Fletcher wrote in the Guardian about Ponting putting pressure on the umpires at Sophia Gardens and their sledging. "If any side in the world doesn't play within the spirit of the game it's Ponting's Australians, yet here he is sitting in judgment on England because he's frustrated that his bowlers failed to complete the job," he said. "Ponting getting frustrated - does that remind you of anything?"
Ponting yelled at Fletcher on his way to the dressing room after he was run-out by Gary Pratt, the substitute fielder, at Trent Bridge in 2005. "We are good mates, Duncan and I," Ponting said wryly at Lord's. "I'm not one little bit worried at all about what Duncan has had to say. He is an irrelevant person in my world and probably in the cricketing world right at the moment."
The chapter adds more tension before Thursday's second Test at Lord's, but don't expect any reduction in the number or intensity of exchanges between players. On the final day in Cardiff Kevin Pietersen and Mitchell Johnson argued during the warm-ups and Stuart Broad and Peter Siddle bumped shoulders in the middle before the emotional finish. Siddle also hit Graeme Swann with a series of painful short balls, but Swann responded with an incredibly valuable 31.
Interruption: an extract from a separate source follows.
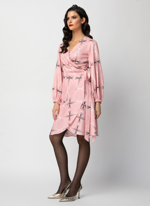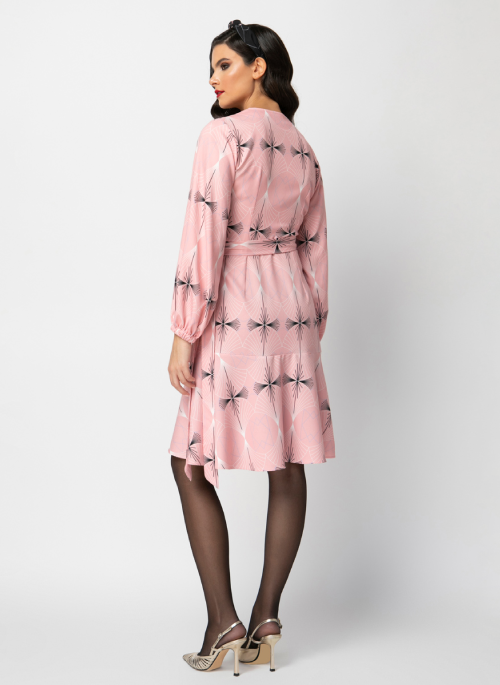 "Marilyn" dress will become your 9 to 5 dress! Cut from a mid-weight airy fabric with a V-neckline and flouncy ruffled hem, this easy, wrap around dress is the dress you want to reach for day after day! We have added some drama with the statement balloon sleeves, our two exquisitely placed, "Palmagic Black" + "Fantastic Pink" prints and that sash belt that helps define the pretty wrap front. No need for extras MAnnequin girl! You are good to go!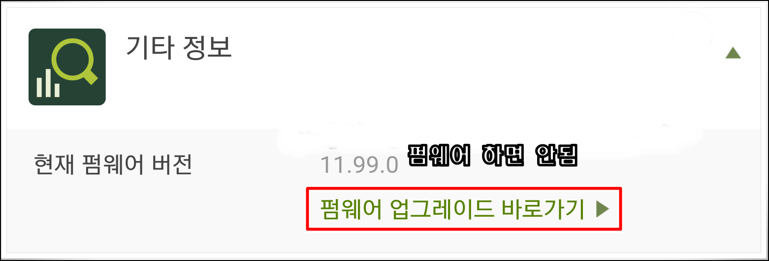주의하실 점은 기타 정보에 펌웨어 업그레이드가 있는데 이걸 하게 되면 공유기 검색이 안되게 돼있습니다. 만약에 실수로 펌웨어 업그레이드를 하셨다면 해당 스마트폰으로는 다시 설치하신다고 해도 안 되는데요.. 그럴 때는 집에 공기계가 있다면 새로 ipTIME manager를 설치하시고 진행하시면 됩니다. 플레이 스토어에도 펌웨어 업그레이드를 해서 검색이 안된다는 의견이 많이 있는 것으로 봐서는 ipTIME 측에서 이에 따른 조치를 취하지 않아서 생기는 문제인 듯합니다.

"It is not an Ashes series without a few of those [incidents]," England's captain Andrew Strauss said. "As pressure builds, that strains people and once they are put under pressure they react in a number of different ways. One thing which I think is important is that the series continues to be played in a good manner and I certainly think on those first five days, it was played in that manner."
The Australians are often accused of pushing - or breaking - the rules but maintain they adhere to the over-riding Spirit of Cricket and their own stricter code. Steve Waugh has been at Lord's this week and felt neither team was particularly out of order in Cardiff.
Ponting is Waugh's successor and has no problems with the conduct of his team. "I don't think I have ever been pulled up for anything outside of playing within the spirit of the game," Ponting said. "We have always had the finger pointed at us about that sort of stuff. But we never seem to get in too much trouble from the authorities about the spirit of the game."
He said the fall-out from the time wasting had been "overcooked". "There is so much hype around the series that little things like that can turn into really big things," he said. "The entire game, I felt, was played in terrific spirit, it was on for young and old out on the field as we saw with the Siddle and Swann battle. But otherwise it was a great Test match."
In 2005 the Australians were considered too friendly with their opponents and fell to a 2-1 series loss. Strauss said the circumstances and personnel for this contest were different and the dynamic from previous battles had changed. "Players do what feels natural to them," he said.